Halfway through reading Ultramind Solution and the more I read the more I see that most of us have damaged brains.

Having a "different" brain (NA) does not always equate to having a "damaged" brain.....regardless of what the NT's would have you believe.

Why do we need to have labels anyway...fwiw

So we can tell our underwear apart on wash day? ;)
 
Being a single guy for 10 years, divorced for 8, now I have noticed this in a peculiar way but had not been able to pinpoint what was going on with women. The women I can seem to connect with seem to freeze up when I want to spend time with them. I had almost felt like they had some kind of programming stopping them from getting close to me.

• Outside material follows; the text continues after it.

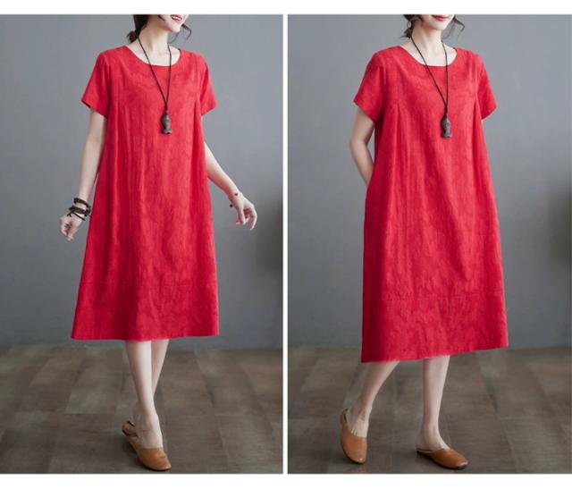 ロング チュニック 夏 半袖 ワンピ ワンピース 続々登場 ホワイト オレンジ レット M L XL 2XL

Well no surprise here, they likely do.

Now, there is a whole other group of women who are very much attracted to me, but sadly I can't muster any feelings to match theirs. Now, if I was lonely enough I might take one of these as a partner. This has presented itself in this manner several times in the past 10 years. I have always refused to walk that road as this is much the same issue I was facing when I chose to get married. In fact I was ready to give my wife of 20 years up before we even started, had some strange dreams one night, woke up and went to her place and the next 20 years is History. I just recently have thought that I might have been abducted and had some programming put in place to make me change my mind over night.
So Bob may have had some blinders put on too.
 
Yossarian said:
Laura:
Right alongside it, parallel to it, but never part of it, is the OP spectrum. It is populated by individuals who never, ever, can, will or do have an individuated soul OR a conscience OR any ability to hurt for another, EVER. MOST of them live normal lives, look just like you and me, have jobs, marry, have kids, play music, go to church, and can be exemplary citizens to the outside view, but they always have dark secrets behind their mask, some more or less serious, but definitely not human.

The Transcript:
A: Sue is not a conscious agent, but is hostess to the tools of the "trade".
[/b]
Q: (L) What do you mean by, "tools of the trade"?

A: Energies that vector as well as transmit and receive.

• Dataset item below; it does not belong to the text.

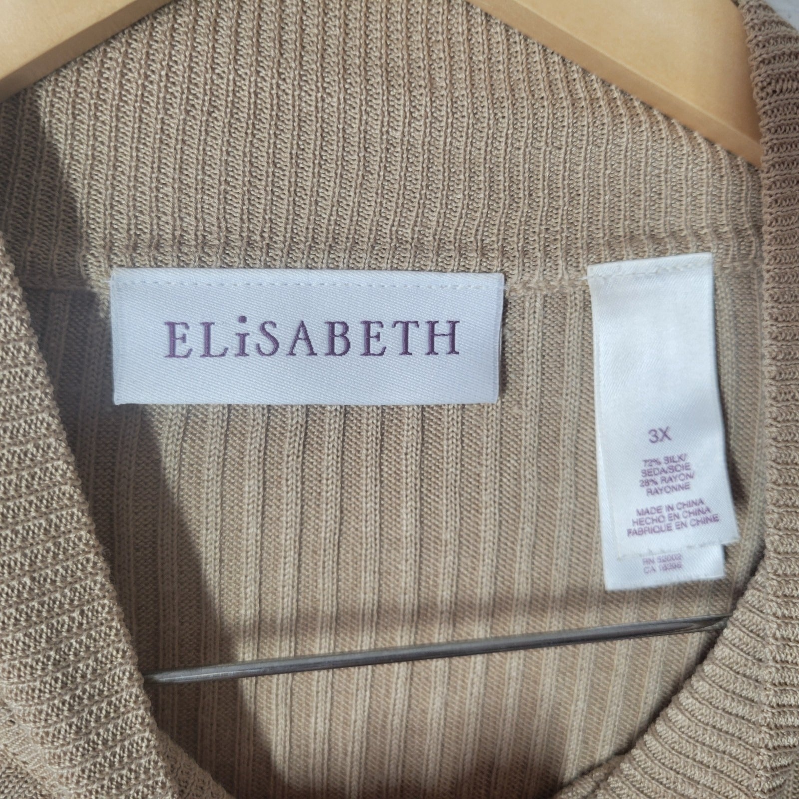 The Elisabeth Women Sweater in 3X Plus size features a solid pattern in beige color, with a mock turtleneck and ribbed detailing for a stylish look. This tight-knit sweater is made from a blend of silk and rayon, offering a comfortable and breathable fit for all seasons. With long sleeves and a pullover style, it is suitable for casual, business, and travel occasions, and should be hand washed only for garment care. Perfect for adding a touch of elegance to any outfit, this sweater from ELISABETH is designed for a regular fit and is a versatile piece for any woman's wardrobe.

Q: (L) Is this like a physical implant?

A: Yes.

Q: (L) Was she planted in Bob’s life just to come and spy on us?


A: Not so much you as Bob.]Q: (L) So are you suggesting that Bob also has an implant to watch the people around him, or is it that she learns about them through him, like at a remove?

A: Yes.

Q: (L) So why didn't they just put an implant in him?

A: Strong willed.

Q: (L) But obviously, being strong willed doesn't mean that you can't be gotten to through your emotions. Oh, yeah. That’s why Sue...

A: Exactly. It should be a lesson to many; it is also a tale as old as time.



A: Why not both? The same signaling method can produce multiple responses.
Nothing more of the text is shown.